Comunque, per quanto i perplessi non manchino neppure nel partito («Ma se abbiamo a malapena 800mila iscritti, come si arriva a 10 milioni?», si chiede un parlamentare), il dato tecnicamente è difficile da contestare: trattandosi di una semplice petizione, non c’è nessuna autenticazione delle firme, raccolte in gran parte via web. Il grosso di quelle cartacee, invece, è arrivato per lo più dalle regioni rosse, con due eccezioni: Roma, dove grazie alla campagna anti-Alemanno se ne sono raccolte 200mila; e - guarda un po’ - la Campania: «Molte firme però erano cinesi», è la battuta che circola. Uno che se ne intende come Marco Pannella, padre di mille referendum, ieri confidava ai suoi che molte delle firme di Bersani «devono essere più o meno come quelle del listino di Formigoni», ossia false. Bersani però ne trae una conseguenza politica opposta a quella affermata in privato dai suoi: «Il nostro successo dimostra che noi abbiamo il consenso e Berlusconi no. Se pensa di averlo lo misuri nelle urne». Ergo: «Si vada a votare, per favore». È un’invocazione sincera: il leader Pd sul voto anticipato aveva puntato tutto, negli ultimi mesi. La petizione anti-Cav è partita, a fine gennaio, in questo spirito: annusata l’aria di urne ravvicinate, col premier infilzato dalle banderillas dei pm a e la maggioranza in decomposizione, Bersani aveva chiamato alla mobilitazione la macchina militante. La raccolta di firme serviva soprattutto, spiega un esponente Pd, come «esercitazione militare, per testare il partito in vista di una campagna elettorale a breve». Alla quale il segretario del partito si sarebbe presentato come candidato naturale e difficilmente aggirabile. La legislatura però non è finita, e la strategia è tutta da ricalibrare: «Non possiamo passare i prossimi due anni in campagna elettorale permanente: ora dobbiamo saper offrire al Paese un’altra idea di Paese, smettere di inseguire pm e dipietristi e attaccare Berlusconi sulle cose concrete: le tasse che aumentano, la crescita che non riparte, le riforme mancate», ragiona Francesco Boccia.

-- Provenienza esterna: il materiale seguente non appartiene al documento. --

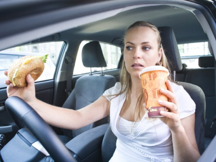 Specielt en lastbilchauffør kom i fedtefadet, da han blev taget i at tale i telefon og spise mens han styrede sin last bil.
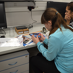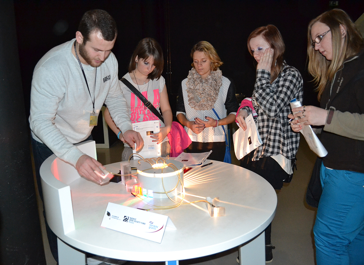 Pracovní listy - Posviťme si na optiku! Dívky byly seznámeny s exponáty expozice Edutorium, zaměřené na fyziku a vypracovaly soubor otázek týkající se optiky

Se Atene piange, Sparta pure non ride. Chi, come Fini, sperava in un redde rationem elettorale per eliminare il premier e saldare l’asse con Casini, ora deve fare i conti con una lunga traversata del deserto, nella quale l’Udc fa capire di voler giocare in proprio. Vendola rischia di perdere il treno.

Gli unici soddisfatti sono i temporeggiatori: Matteo Renzi, che ha sempre ammesso con i suoi di temere elezioni anticipate che ora lo avrebbero tagliato fuori. E, si dice, pure Walter Veltroni, che accarezza il sogno di un gran ritorno. Nel 2013.